Alle gegen Brockhaus
Seite 5: Wiki-News und Wiki-Sex
Auch in anderen Bereichen ist Wikipedia klassischen Werken um einiges voraus. Encarta kann bestenfalls über das Internet nachträglich aktualisiert werden, gedruckte Werke haben noch größere Aktualitätsprobleme. Wikipedia ist dagegen oft minutenaktuell, Wikipedianer werden oft durch Meldungen auf News-Websites und Weblogs zu Artikeln inspiriert. Es gibt in Form der Current Events sogar eine Art Wiki-Tageszeitung, die täglich relevante News zusammenfasst und auf Hintergrundartikel verweist. Die Selektion ist teilweise recht willkürlich, was an der noch relativ geringen Zahl der hier beteiligten Redakteure liegt.

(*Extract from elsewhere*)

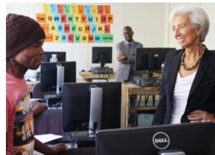
Christine Lagarde, MD of the IMF

"Inspired and grateful for the work organizations like GetOn Skills Development Centre in Pretoria are doing to help fight youth unemployment - preparing and empowering young people to find jobs or start their own businesses" – Christine Lagarde.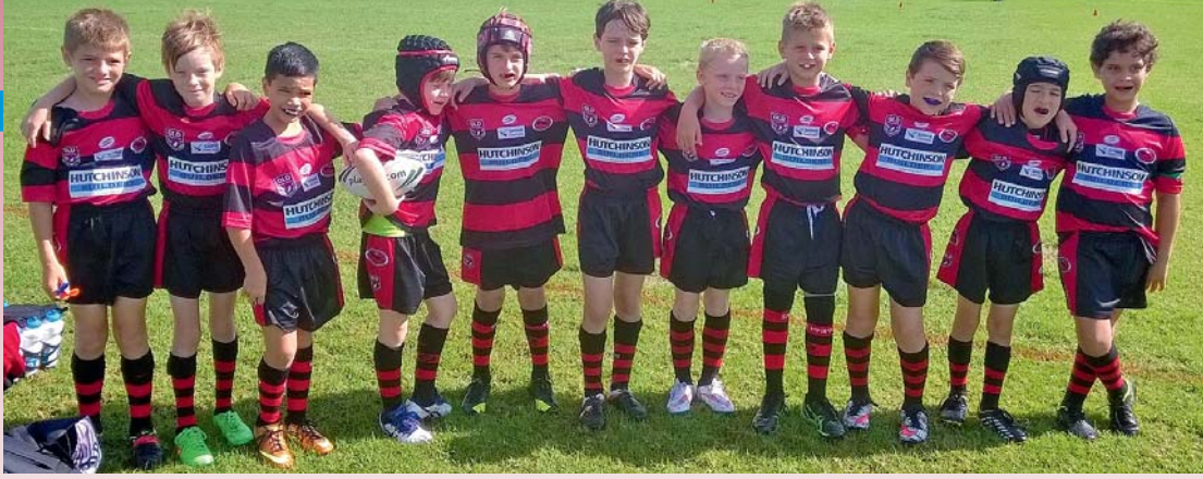
Hutchies has a strong visual presence at Purtell Park as the major Panthers sponsor for 2016.

The Panthers' home base at Bardon's Purtell Park was

Nach Monatsende werden die jeweiligen News archiviert und bleiben so im Gegensatz zu den meisten Online-News-Angeboten für historische Zwecke erhalten. Die meist als Quellen genannten URLs werden jedoch nach gewisser Zeit ablaufen, was langfristig zu Belegzwecken eine zusätzliche Quellenrecherche erforderlich macht.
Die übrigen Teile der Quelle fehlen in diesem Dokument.